This post will dive deeper into how personal health records (PHRs) can adopt the Clinical Decision Support (CDS) hooks standard to enable third-party extensibility. We're primarily focusing on CDS hooks because it is a more accessible standard for PHRs and third-party developers to adapt. For a high level context of why we care about this, please read Part 1.
The point of this post is to lay the groundwork and discuss how the CDS hook standard may need to be updated to handle PHR use cases. The great thing about building off a current standard like CDS hooks is that CDS hooks built for one PHR could be used for any PHR. For a deeper dive on CDS Hooks, read the HL7 Clinical Decision Support (CDS) hooks documentation.
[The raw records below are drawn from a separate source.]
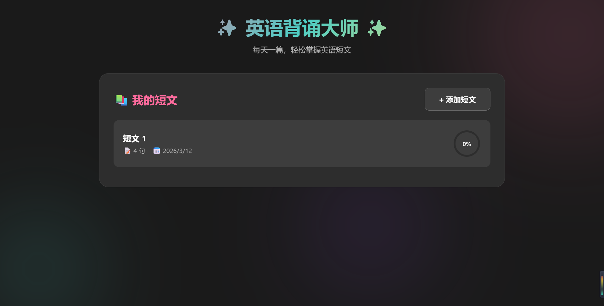 我现在想做一个英语学习的程序,这个程序需要帮助我背诵英语短文: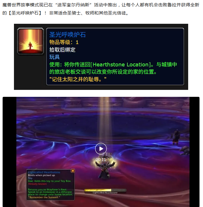魔兽世界:本周人人可入手,圣光呼唤炉石!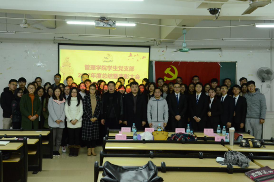 管理学院党总支书记易国富同志为本年度党务工作做总结,易书记对学生党支部这个团队在过去一年当中的工作给予了充分的肯定,并对学生支委的付出表示感谢。同时也期待新一届的支委在接下来的党务工作中更加尽心尽力,把学生党支部这一团体办得更好,更强。还提到希望全体党员同志和积极分子们不忘初心,牢记使命,在生活、学习、工作中起到标杆作用,不辜负党对我们的考核与审查。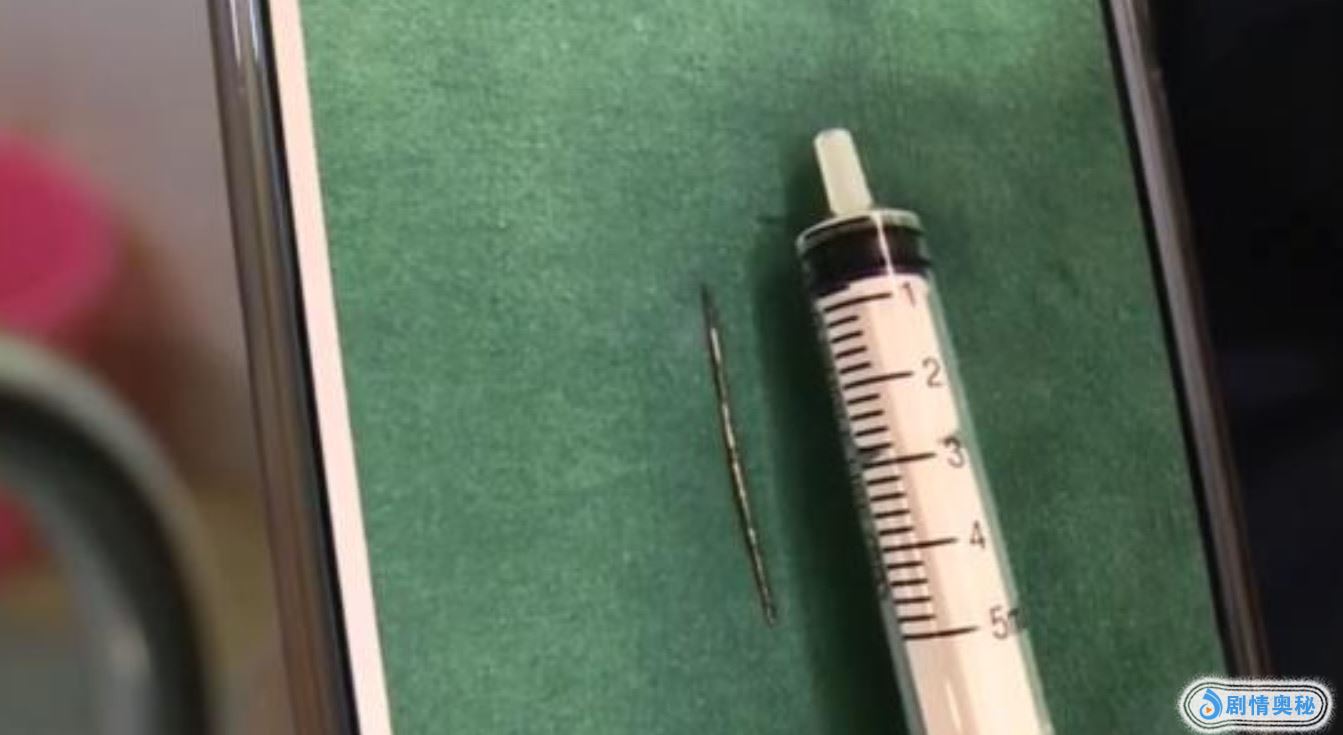 而孩子的主治医生最后也告知了记者,他们当天在检查的时候,发现孩子的肝脏部位有金属。一看,原来是根长四厘米的绣花针。医生还表示,这种情况非常危险。孩子体内扎的这跟针刚好就扎在肝脏上,稍不注意就会大出血,危及生命,医生决定立即进行手术。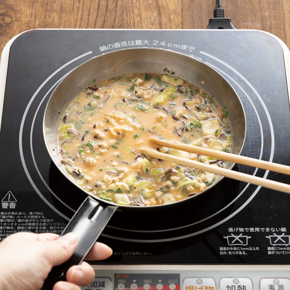 ③とろみがつくまで、かき混ぜながら3分煮込みます。(味が薄い場合は弱火でさらに煮詰めて調整してください。)

Overview of CDS Hooks and their Limitations in Personal Health Records
To quickly summarize CDS hooks - they're HTTP webhooks that get called whenever a user of a clinical client, such as an Electronic Medical Record (EMR), takes a specific action. Examples of these actions include when a provider opens a patient's chart or when a provider starts a medication order for a patient. The idea is that registered third-party apps can be called whenever one of these actions is triggered and provide real-time feedback to the user about their actions. So, for example, a CDS application that can listen for when a doctor is entering a medication order for a specific drug in the EMR can suggest a different medication via a card in the UI of the EMR:
The CDS hook standard was primarily built for EMR systems and makes several assumptions:
- There is a single FHIR store from which the third-party CDS hook can fetch the current patients records from
- The hook trigger types are related to a clinical or EMR action.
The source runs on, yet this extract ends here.